MSR = Main Scale Reading

CSR = Circular Scale Reading

LC = Least Count

First of all we have to calculate the Least Count of the scale. Least count of screw gauge is calculated as

$\Rightarrow LC = \dfrac{p}{n}$

$\Rightarrow LC = \dfrac{1}{100}\text{mm}$

$\Rightarrow LC = 0.01\text{mm}$

$\Rightarrow LC = 0.001\text{cm}$

Now using the formula we can put all the values in the above formula to get the diameter of the wire.

$\Rightarrow D= 0 + (52\text{mm} \times 0.01\text{mm})$

$\Rightarrow D= 0.52\text{mm}$

$\Rightarrow D= 0.052\text{cm}$

Hence, the option (d) is correct.

Key Point: In this type of question we need the Least count of the measurement device which is defined as the smallest value which can be measured through that device. After calculating the Least count we can use the direct formula to get the answer.

### Practice Questions

1. If the L, Q, R represents inductance, charge and resistance respectively, the unit of-

(a) $\dfrac{QR}{L}$ will be those of current

(b) $\dfrac{{Q^2}{R^3}}{L^2}$ will be those of energy

(c) $\dfrac{QL}{R}$ will be those of current

(d) $\dfrac{{Q^3}{R^2}}{L}$ will be those of power

(Ans. option a)

2. A calorie is a unit of heat (Energy in transit) and it equals around $4.2~J$ where $1~J = 1 \text{Kg}~\text{m}^2\text{s}^{-2}$. Suppose we employ a system of units in which the unit of mass equals $\alpha~\text{Kg}$, the length equals $\beta~\text{m}$, the unit of time is $\gamma~\text{s}$. Then what will be the magnitude of calories in terms of new units?

(Ans. $4.2~{\alpha}^{-1}~{\beta}^{-2}~{\gamma}^{2}$)

### Conclusion

In this chapter we discussed units and measurements. We get to know that in measurement every unit which is not fundamental, can be represented as a fundamental unit. In a measurement device, the least count is the ability of the device to measure the smallest possible value. We also discussed errors in measurement. We went through some formula based problems which are very useful while we are solving the questions in the NEET exam.

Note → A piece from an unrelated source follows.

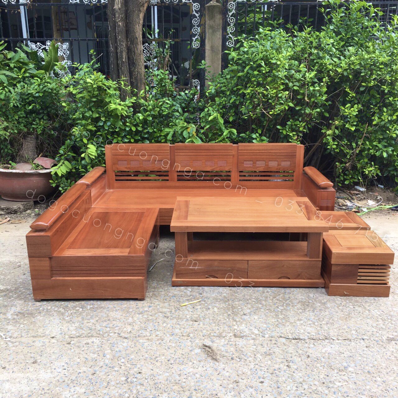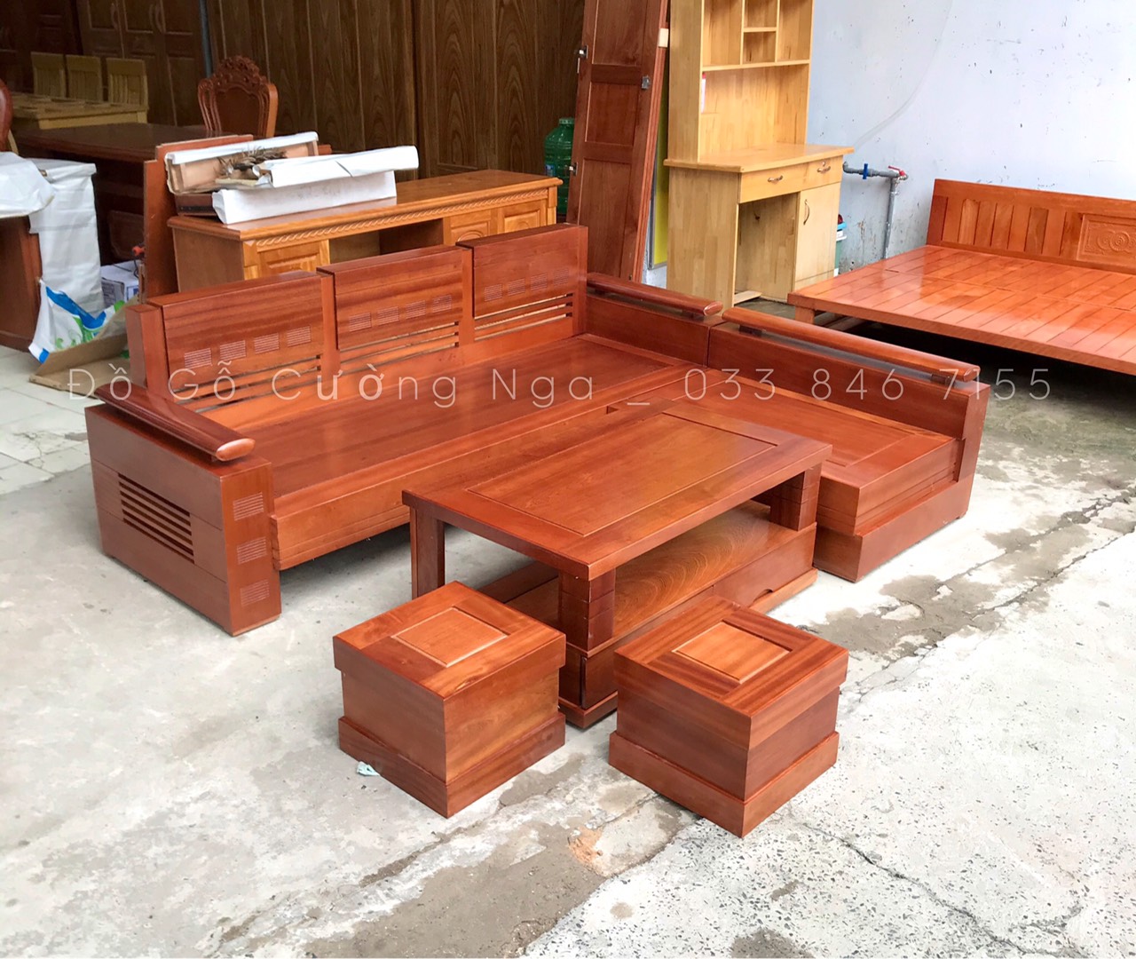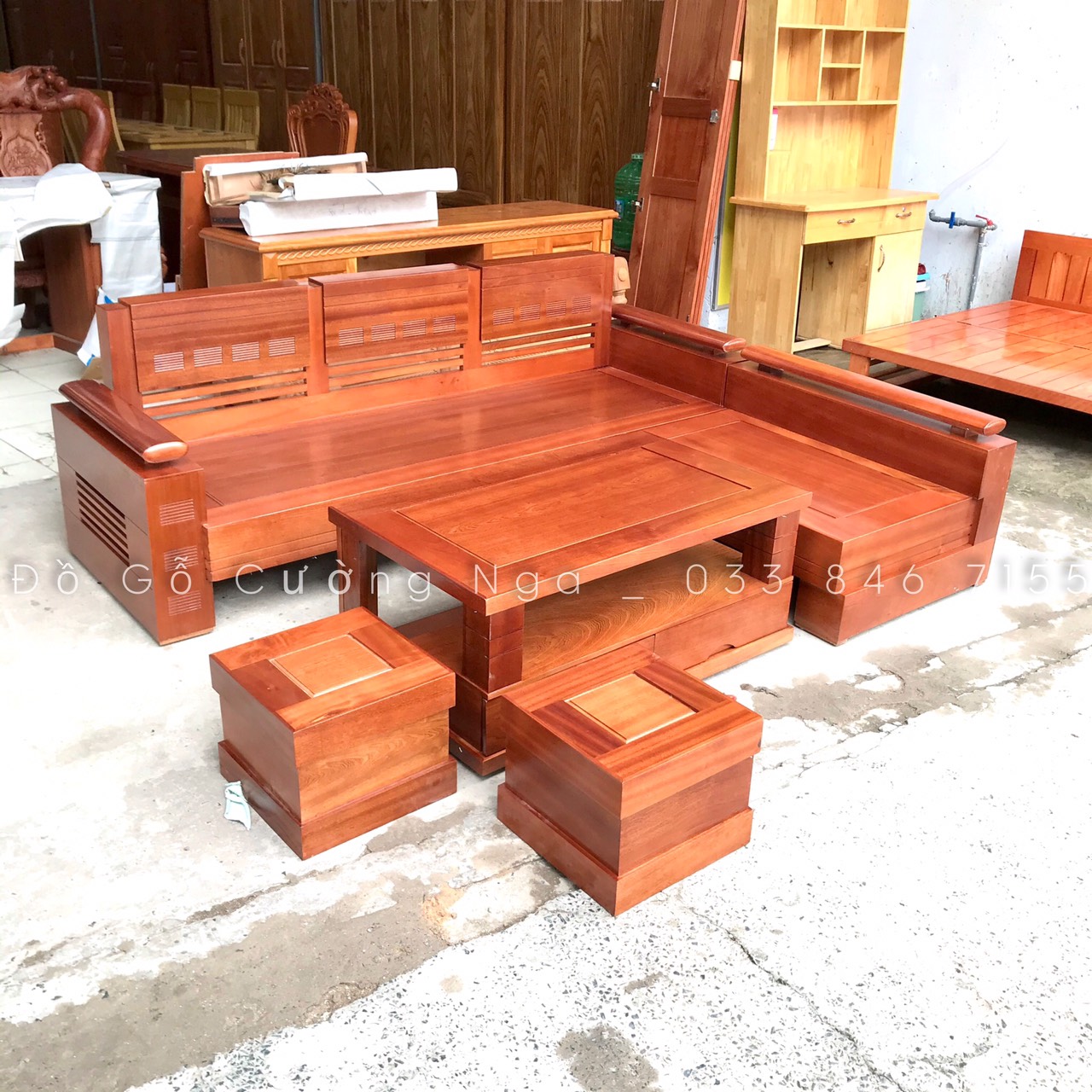 Chi Tết Bộ Sofa Góc L Gỗ Xoan Đào

NEET Important Chapter - Unit and Measurements

## FAQs on NEET Important Chapter - Unit and Measurements

1. What is the weightage of Unit and Measurement in the NEET exam?

In the NEET exam, there are 45 questions asked in physics. Out of 45, there is 1 question on average that comes under chapter Units and Measurements, which is nearly 2% of the whole physics section.

2. How can someone secure full marks for questions from Units and Measurement in the NEET exam?

Unit and Measurement is a very simple and fundamental chapter of physics. It is the basics of physics, as in whole physics we are going to use units and dimensions. To use these we first need to know what it is and how it is derived, which comes under the chapter Units and Measurement. If we practice Previous Year Question Paper and reference books then anyone can easily get full marks in the exam.

3. What is the difficulty level of questions in the NEET Exam from chapter Units and Measurement?

As far as NEET is concerned, the difficulty level is medium for chapter Units and Measurement. According to previous year's question papers, most of the time questions are asked from derived units or from errors in measurement. If someone goes through the Previous year's question paper then it can be helpful to understand the level of difficulty of questions that come under this chapter.